● Data for the task:
# # #

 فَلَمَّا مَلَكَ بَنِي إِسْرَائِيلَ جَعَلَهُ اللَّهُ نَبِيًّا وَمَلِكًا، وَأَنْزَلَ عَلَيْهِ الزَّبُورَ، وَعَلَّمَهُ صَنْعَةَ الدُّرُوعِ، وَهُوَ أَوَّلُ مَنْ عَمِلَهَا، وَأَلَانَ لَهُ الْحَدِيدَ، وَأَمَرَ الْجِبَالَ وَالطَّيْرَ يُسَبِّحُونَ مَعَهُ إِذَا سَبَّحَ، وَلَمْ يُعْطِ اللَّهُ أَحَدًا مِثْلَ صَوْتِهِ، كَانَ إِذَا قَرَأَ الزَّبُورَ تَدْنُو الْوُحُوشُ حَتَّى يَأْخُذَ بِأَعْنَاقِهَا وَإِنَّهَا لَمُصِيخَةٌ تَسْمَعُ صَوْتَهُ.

# # #

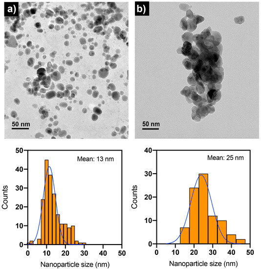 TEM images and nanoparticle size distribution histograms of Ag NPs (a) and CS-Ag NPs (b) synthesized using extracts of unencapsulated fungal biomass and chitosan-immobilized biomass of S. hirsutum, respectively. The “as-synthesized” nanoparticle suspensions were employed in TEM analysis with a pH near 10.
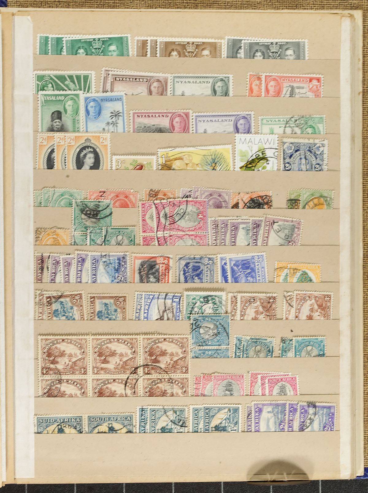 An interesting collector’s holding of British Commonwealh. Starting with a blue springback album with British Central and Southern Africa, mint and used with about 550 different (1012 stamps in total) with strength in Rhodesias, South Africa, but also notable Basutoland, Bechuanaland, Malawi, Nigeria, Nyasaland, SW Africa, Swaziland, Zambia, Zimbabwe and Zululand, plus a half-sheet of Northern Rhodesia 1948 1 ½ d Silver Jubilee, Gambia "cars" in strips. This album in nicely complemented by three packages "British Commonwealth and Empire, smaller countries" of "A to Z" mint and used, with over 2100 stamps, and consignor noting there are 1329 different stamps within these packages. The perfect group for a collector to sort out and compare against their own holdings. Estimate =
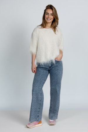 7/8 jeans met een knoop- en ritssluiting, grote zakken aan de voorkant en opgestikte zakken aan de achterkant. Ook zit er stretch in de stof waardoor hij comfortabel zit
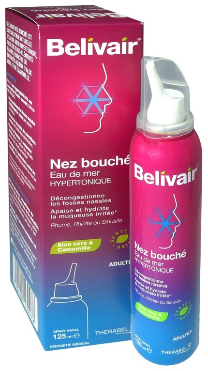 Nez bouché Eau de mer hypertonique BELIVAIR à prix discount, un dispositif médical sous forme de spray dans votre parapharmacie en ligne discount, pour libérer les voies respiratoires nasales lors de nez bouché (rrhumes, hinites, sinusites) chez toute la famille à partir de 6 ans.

# # #

● Problem: Nothing but the lines from the one with "An interesting collector’s" to the one with "7/8 jeans met" above, both included, should be transcribed, exactly and without pictures.

● Output of the task:
 An interesting collector’s holding of British Commonwealh. Starting with a blue springback album with British Central and Southern Africa, mint and used with about 550 different (1012 stamps in total) with strength in Rhodesias, South Africa, but also notable Basutoland, Bechuanaland, Malawi, Nigeria, Nyasaland, SW Africa, Swaziland, Zambia, Zimbabwe and Zululand, plus a half-sheet of Northern Rhodesia 1948 1 ½ d Silver Jubilee, Gambia "cars" in strips. This album in nicely complemented by three packages "British Commonwealth and Empire, smaller countries" of "A to Z" mint and used, with over 2100 stamps, and consignor noting there are 1329 different stamps within these packages. The perfect group for a collector to sort out and compare against their own holdings. Estimate =
 7/8 jeans met een knoop- en ritssluiting, grote zakken aan de voorkant en opgestikte zakken aan de achterkant. Ook zit er stretch in de stof waardoor hij comfortabel zit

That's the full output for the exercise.